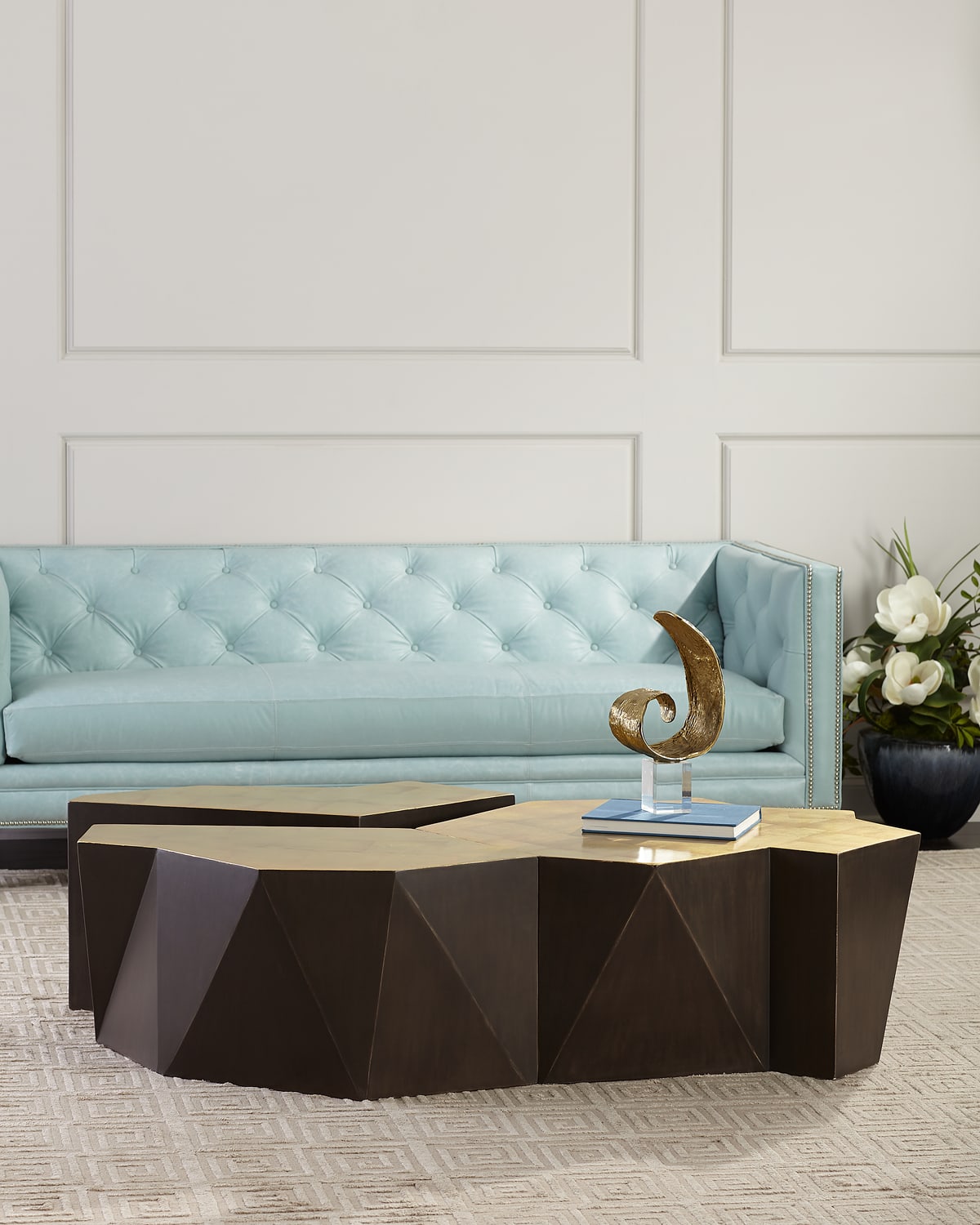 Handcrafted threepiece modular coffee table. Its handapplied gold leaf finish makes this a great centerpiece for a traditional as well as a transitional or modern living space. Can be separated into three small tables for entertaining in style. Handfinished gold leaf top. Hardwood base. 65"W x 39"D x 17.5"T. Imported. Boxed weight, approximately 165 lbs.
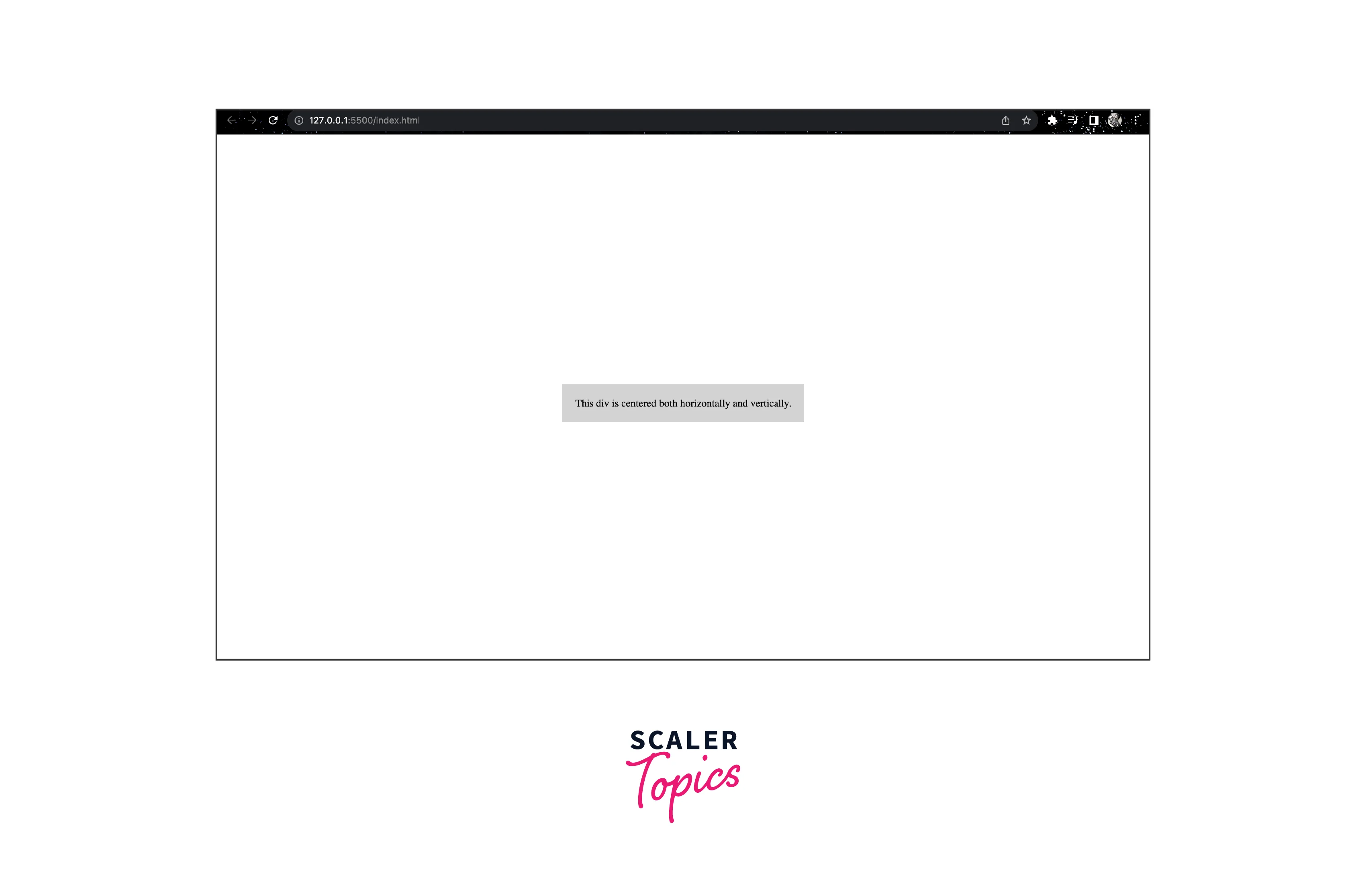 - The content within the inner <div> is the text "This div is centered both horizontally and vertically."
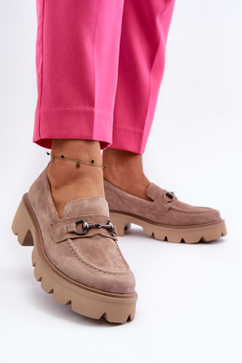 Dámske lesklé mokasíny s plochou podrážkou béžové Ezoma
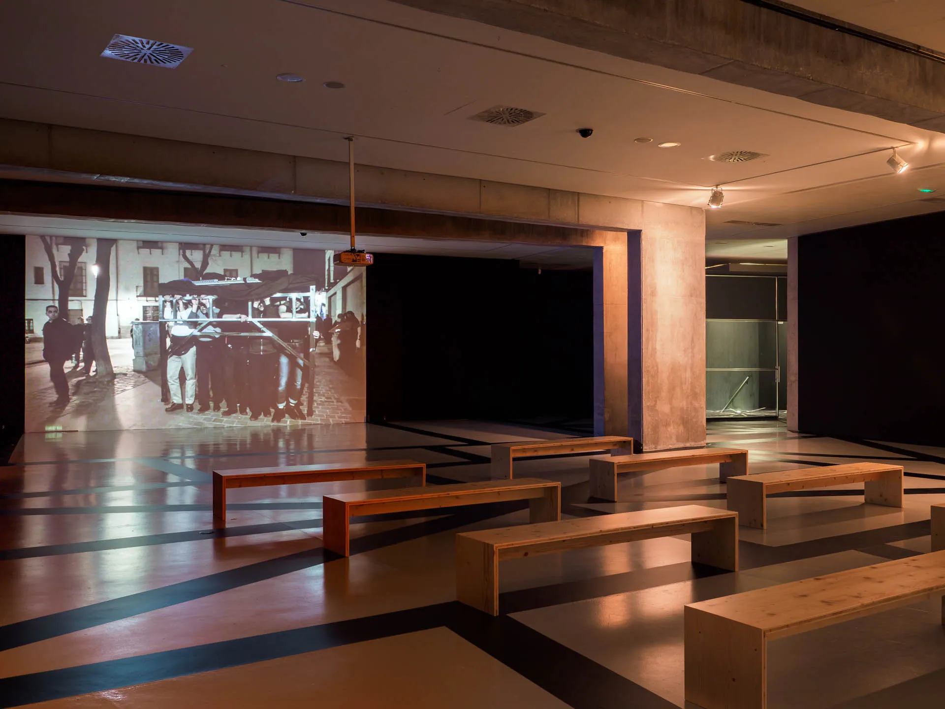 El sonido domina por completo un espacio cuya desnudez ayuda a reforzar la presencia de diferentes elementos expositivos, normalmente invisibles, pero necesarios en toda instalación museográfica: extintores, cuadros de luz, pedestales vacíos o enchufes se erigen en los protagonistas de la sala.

Task to complete » Copy the material exactly. Do not include the pictures.

Written solution »
 Handcrafted threepiece modular coffee table. Its handapplied gold leaf finish makes this a great centerpiece for a traditional as well as a transitional or modern living space. Can be separated into three small tables for entertaining in style. Handfinished gold leaf top. Hardwood base. 65"W x 39"D x 17.5"T. Imported. Boxed weight, approximately 165 lbs.
 - The content within the inner <div> is the text "This div is centered both horizontally and vertically."
 Dámske lesklé mokasíny s plochou podrážkou béžové Ezoma
 El sonido domina por completo un espacio cuya desnudez ayuda a reforzar la presencia de diferentes elementos expositivos, normalmente invisibles, pero necesarios en toda instalación museográfica: extintores, cuadros de luz, pedestales vacíos o enchufes se erigen en los protagonistas de la sala.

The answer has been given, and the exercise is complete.